Abstract

Jordan is viewed as a country of social, political, and economic and advancement. It currently leads the region in literacy rates and is well on its way to achieving gender equity. However, some reports claim that Jordan maintains the widest gender gap in higher education completion in the region while others report that the percentage of females is higher than males. There is a body of literature on college student retention but no such work has taken place in the Middle East, and more specifically in Jordan, on the experiences of women in higher education and retention. This study explores the experiences of 18 women that, at the time of the data collection (2008–2009), were in their final year or semester of higher education and preparing to graduate (average age 22.3 years old) and 10 women, that were at one point formally enrolled but at the time of the study had departed from completing higher education (average age 22.8 years old). These women represented 13 different universities (7 public and 6 private) throughout Jordan. Interviews were conducted with each participant. In addition to interviews, visits with the women were conducted on the university campus and official university and ministry education records were collected to examine enrollment, graduation, and retention rates. These varied qualitative methods allowed for a holistic exploration of the patterns in the persistence of women in higher education.
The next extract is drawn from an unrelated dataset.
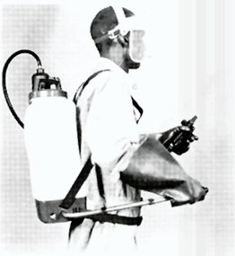 For the greatest accuracy the quantity of concentrate should be made up to the required total of 5 litres of spray fluid and not added to 5 litres of water. Only clean, cold water, free from any foreign particles should be used for diluting insecticide concentrates. All mixing containers and spray tanks should also he clean since contamination of spray with other chemicals may lead to rapid breakdown of the insecticide or taint of foodstuffs receiving the treatment. A solvent-resistant, waterproof apron and gauntlet gloves must he worn when insecticide concentrates are handled. Any splashes on the skin must be washed off immediately. Water dispersible powders must be thoroughly mixed in a small quantity of water to a creamy consistency before the remainder of the water is added. The powder will not disperse easily if added directly to the total volume of water used for dilution.

This study found that the main retention theories formed in the United States are not completely adequate in helping explain the situation of women in Jordan and this study alters and extends them, placing more weight on characteristics at the individual-level, rather than on the institutional-level, with more attention paid to the role of the commute and the inflexibility of the higher education admissions process, in order to make them more applicable to the context of women in Jordan.